Vixa looked down at the newly made raft. “Who else is coming?”
“Lady, you would be safer on the ship,” Armantaro ventured to suggest.
Vixa frowned. The obvious concern in the old colonel’s face caused her to swallow her sharp retort. Clapping him on the shoulder instead, she said lightly, “Fear not, old friend. I doubt if the mosquitoes on that island are very dangerous.”
A party of eight was chosen to explore the island: Captain Esquelamar and three of his sailors, Vixa, Armantaro, Harmanutis, and Vanthanoris. Manneto was left in charge of the ship, and Paladithel put in command of the remaining warrior contingent.
Although Armantaro and the other two warriors in the landing party had donned full battle dress, Vixa demurred, saying, “I’m only going to climb a hill, not fight a battle. Why should I wear armor in this heat?” She did, however, take along her fine Qualinesti sword.
A section of the ship’s rail was removed, and supplies for the landing party lowered by rope to the raft. Vanthanoris and two sailors went down first, holding the raft steady by its mooring lines. The others followed. Below the waterline the hull was studded with razor-sharp barnacles. Deprived of water, the creatures made eerie clicking sounds as they gasped in the air.
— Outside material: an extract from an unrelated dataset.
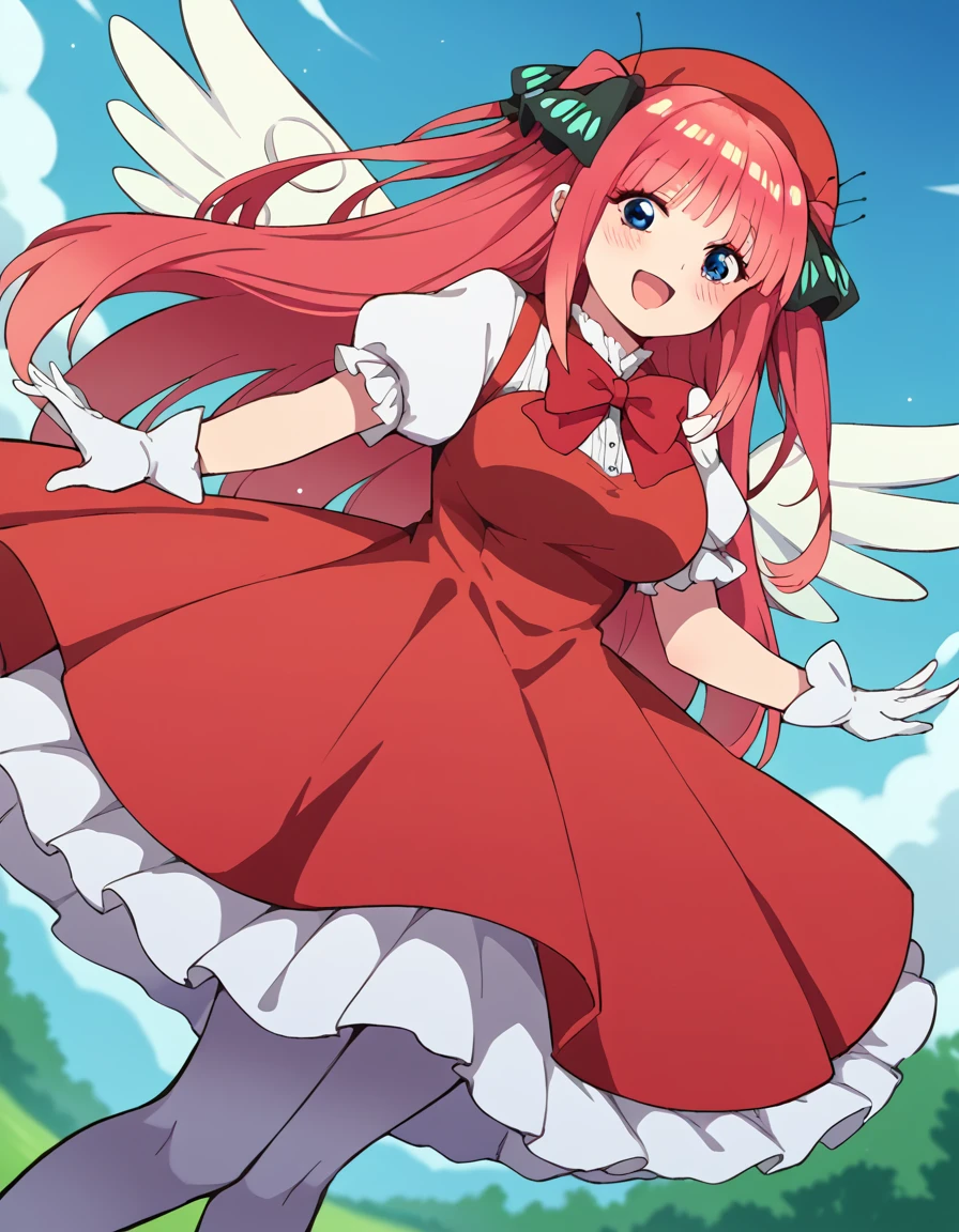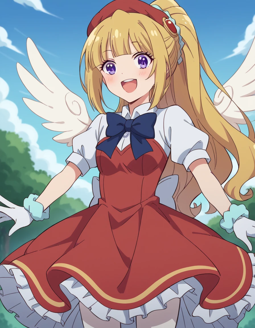 <lora:sakura-kinomoto-cosplay-ponyxl-lora-nochekaiser:1>, sakurakinomotocosplay, kinomoto sakura \(cosplay\), bow, bowtie, dress, gloves, hat, magical girl, pantyhose, petticoat, ppuffy short sleeves, puffy sleeves, red bow, red bowtie, red dress, red hat, short sleeves, white gloves, white pantyhose, white wings, wings,

From the deck, Manneto called down, “How long will you be, Captain?”
Esquelamar shaded his eyes, checking the position of the sun. It was perhaps two hours after dawn. “We’ll be back before sundown,” he called back.
“Aye, aye, sir.”
With the captain at the raft’s plank rudder and the sailors and warriors on the oars, they set off for the unknown island that had risen from the bottom of the sea. And Vixa said a silent prayer to the Blue Phoenix, lord of the sea.